LD: What are you working on now? What do you think 10 years from now looks like?

BR: Now is the typical bag of interesting insolvency-related litigations, a half dozen legal malpractice cases, a cool docket of litigation against AT&T and several other fiduciary-duty type cases in Delaware, a new case that looks like Renren II, my docket of foreign appraisal rights claims (now several billion dollars in dispute), my law-school class, and my book.

The future will be far less labor intensive due to AI and quantum computing. Fraud and greed will not go away. It will take on new forms and infect new technologies and industries – but it will keep us busy for sure. And as long as we remain atop the national contingency-fee boutique heap, we will get our share of opportunities.

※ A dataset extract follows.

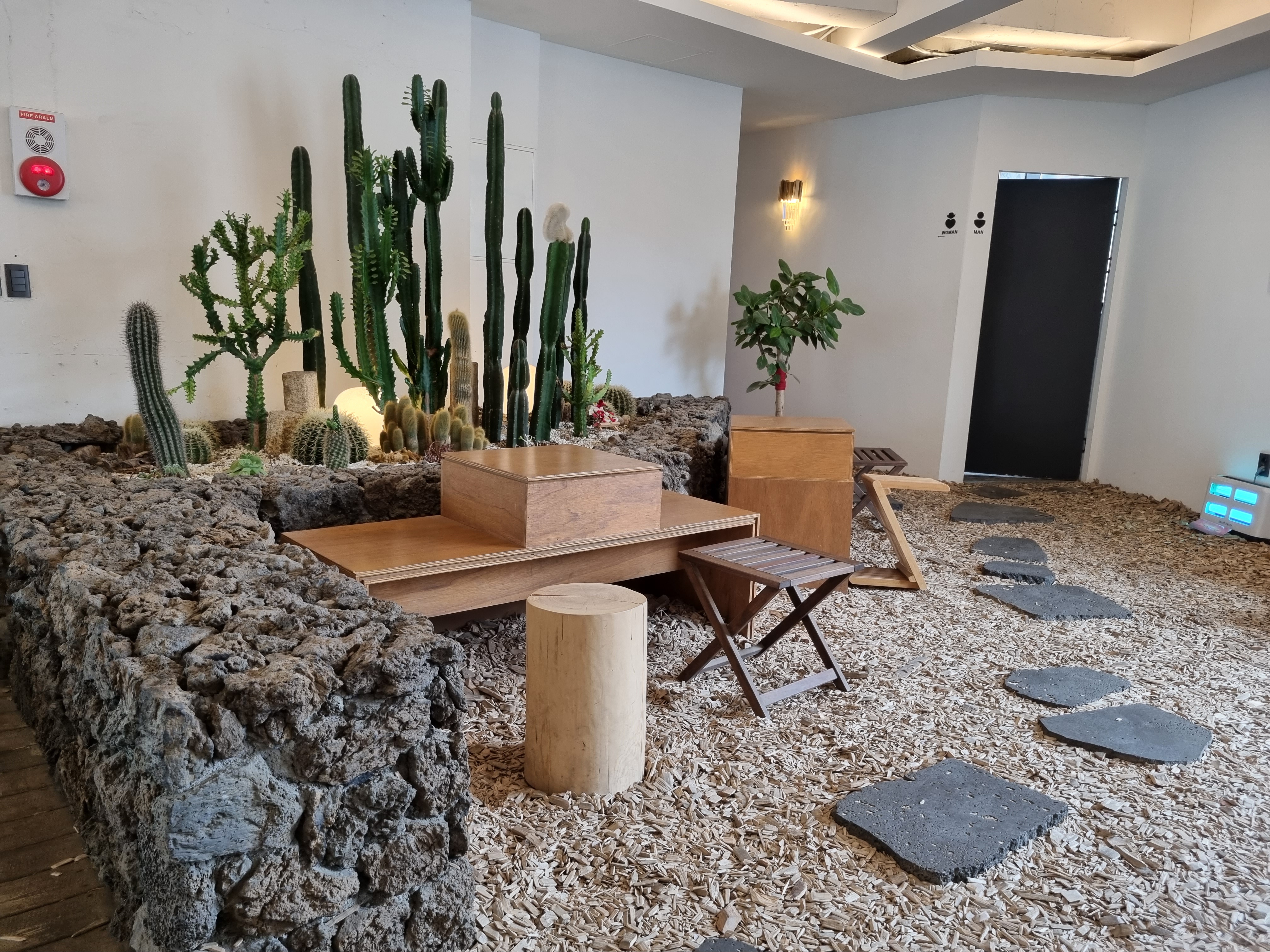 3F의 느낌이에요. 2층과 3층 모두 바닥이 나무 조각으로 되어있어요. 전체적으로 건조한 사막의 분위기예요

LD: And can lawyers ever truly be happy?

BR: I think there are a lot of people who end up accidental tourists in the law and never find their true passion. That makes it very difficult to be happy. There are others who get sucked into Big Law, become disenchanted, and quit the profession altogether. Of course, there are many successful Big Law lawyers and I presume at least some are happy. But lawyers who prioritize what they are passionate about can find very rewarding careers in the law – and yes, happiness. The key is to really think through what they want to do and make deliberate choices, rather than just drifting with the current. You can tell from the working title of my upcoming book that it’s intended to encourage students and young lawyers to pursue happiness by doing just that. For now, I’m calling it: “How to Love the Law.”